▶ [Task description]: Beginning with the line below that contains "2 地震火山 / 普通のニュース" and ending with the line that contains "Kulinarisch hat das", retype every line exactly. Pictures are not copied.

*** Supplied records Section Begins ***

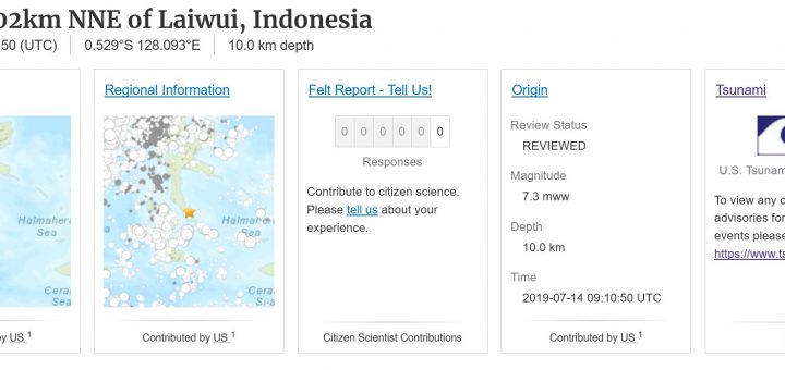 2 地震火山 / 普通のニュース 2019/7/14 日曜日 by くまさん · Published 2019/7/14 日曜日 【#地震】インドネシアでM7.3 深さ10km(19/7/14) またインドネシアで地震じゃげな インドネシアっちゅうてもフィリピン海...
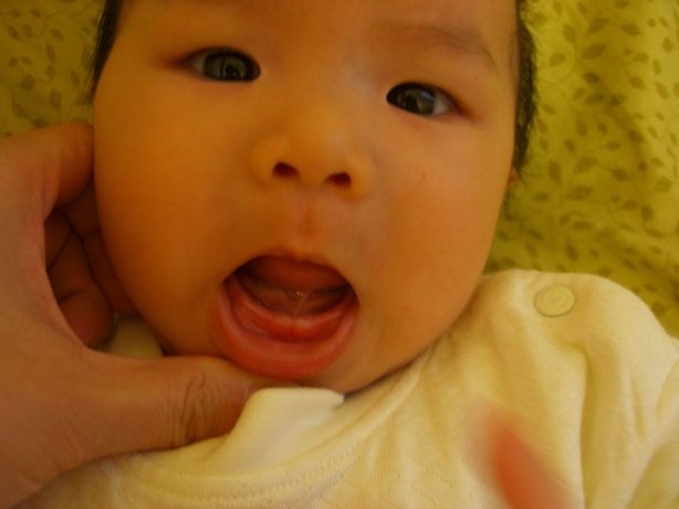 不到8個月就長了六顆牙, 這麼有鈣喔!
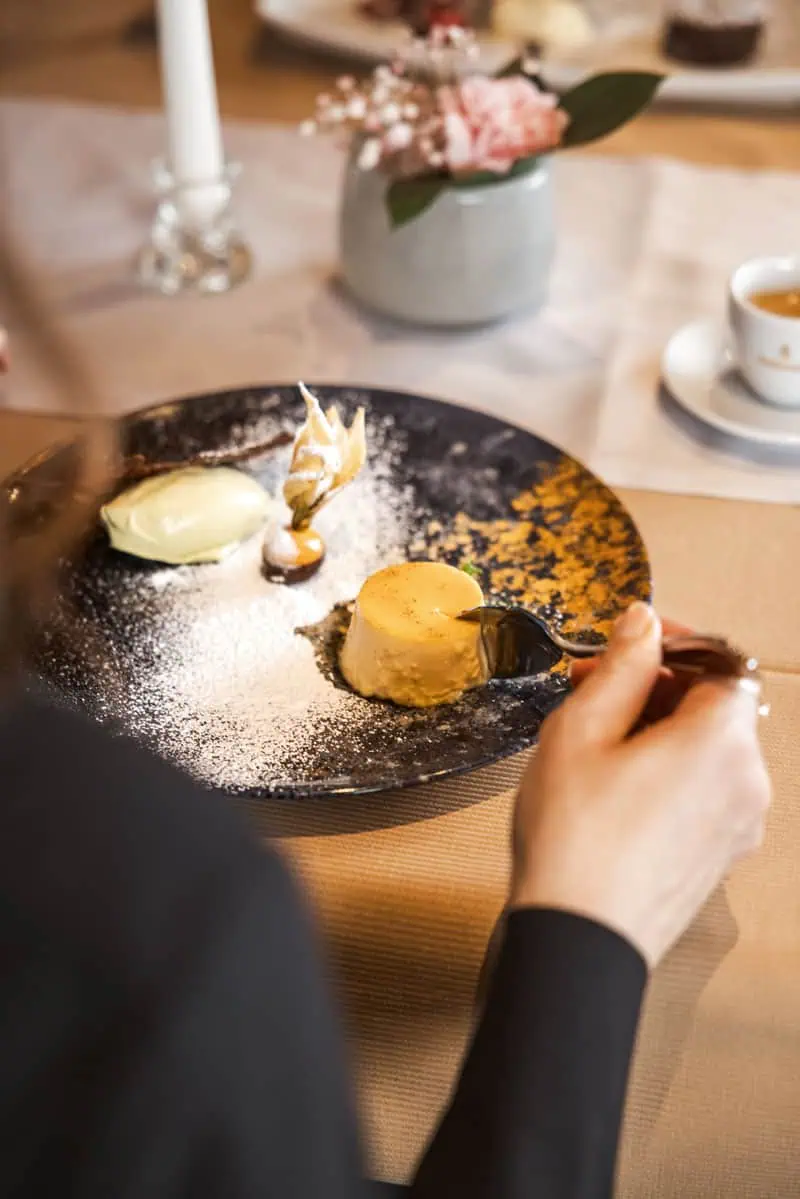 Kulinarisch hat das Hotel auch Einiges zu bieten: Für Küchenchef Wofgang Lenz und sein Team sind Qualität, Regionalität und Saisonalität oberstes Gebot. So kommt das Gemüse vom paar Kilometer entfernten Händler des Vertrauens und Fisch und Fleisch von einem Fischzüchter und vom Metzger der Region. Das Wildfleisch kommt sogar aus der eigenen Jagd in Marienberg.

*** Supplied records Section Ends ***
*** Supplied records Section Begins ***

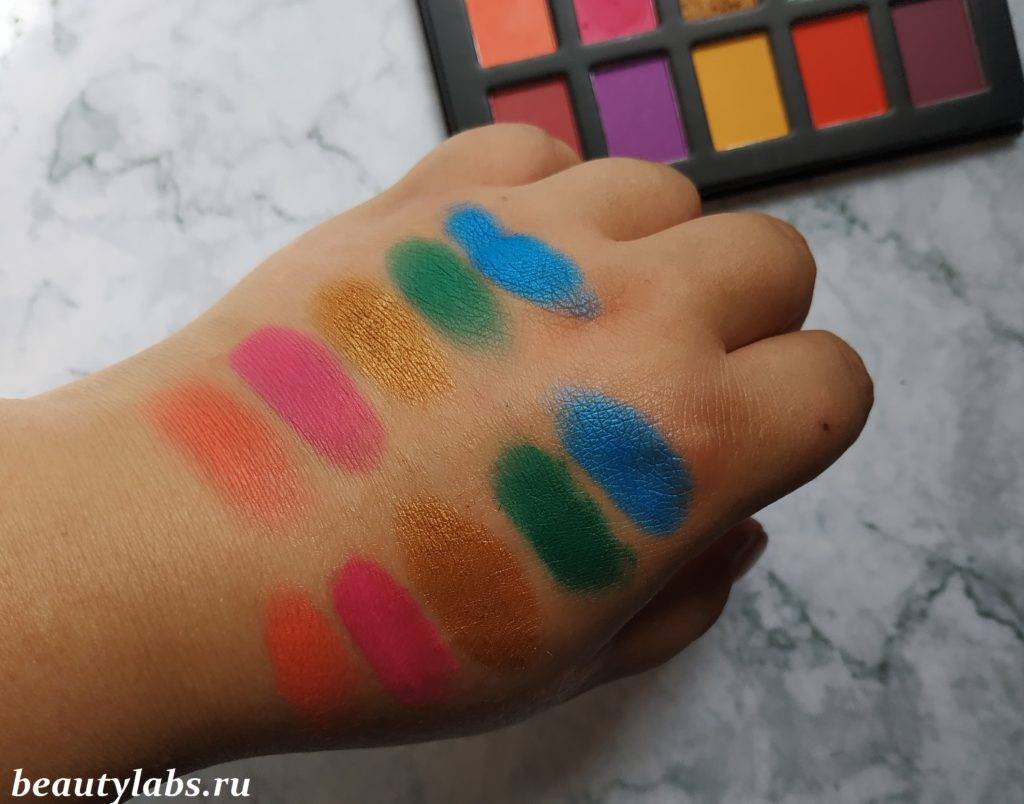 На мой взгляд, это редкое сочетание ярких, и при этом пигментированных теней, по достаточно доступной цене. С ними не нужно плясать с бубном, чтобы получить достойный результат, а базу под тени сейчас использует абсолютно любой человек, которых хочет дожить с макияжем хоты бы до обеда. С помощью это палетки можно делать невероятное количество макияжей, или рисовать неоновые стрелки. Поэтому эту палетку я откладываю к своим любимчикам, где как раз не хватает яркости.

*** Supplied records Section Ends ***

▶ [Task solution]:
 2 地震火山 / 普通のニュース 2019/7/14 日曜日 by くまさん · Published 2019/7/14 日曜日 【#地震】インドネシアでM7.3 深さ10km(19/7/14) またインドネシアで地震じゃげな インドネシアっちゅうてもフィリピン海...
 不到8個月就長了六顆牙, 這麼有鈣喔!
 Kulinarisch hat das Hotel auch Einiges zu bieten: Für Küchenchef Wofgang Lenz und sein Team sind Qualität, Regionalität und Saisonalität oberstes Gebot. So kommt das Gemüse vom paar Kilometer entfernten Händler des Vertrauens und Fisch und Fleisch von einem Fischzüchter und vom Metzger der Region. Das Wildfleisch kommt sogar aus der eigenen Jagd in Marienberg.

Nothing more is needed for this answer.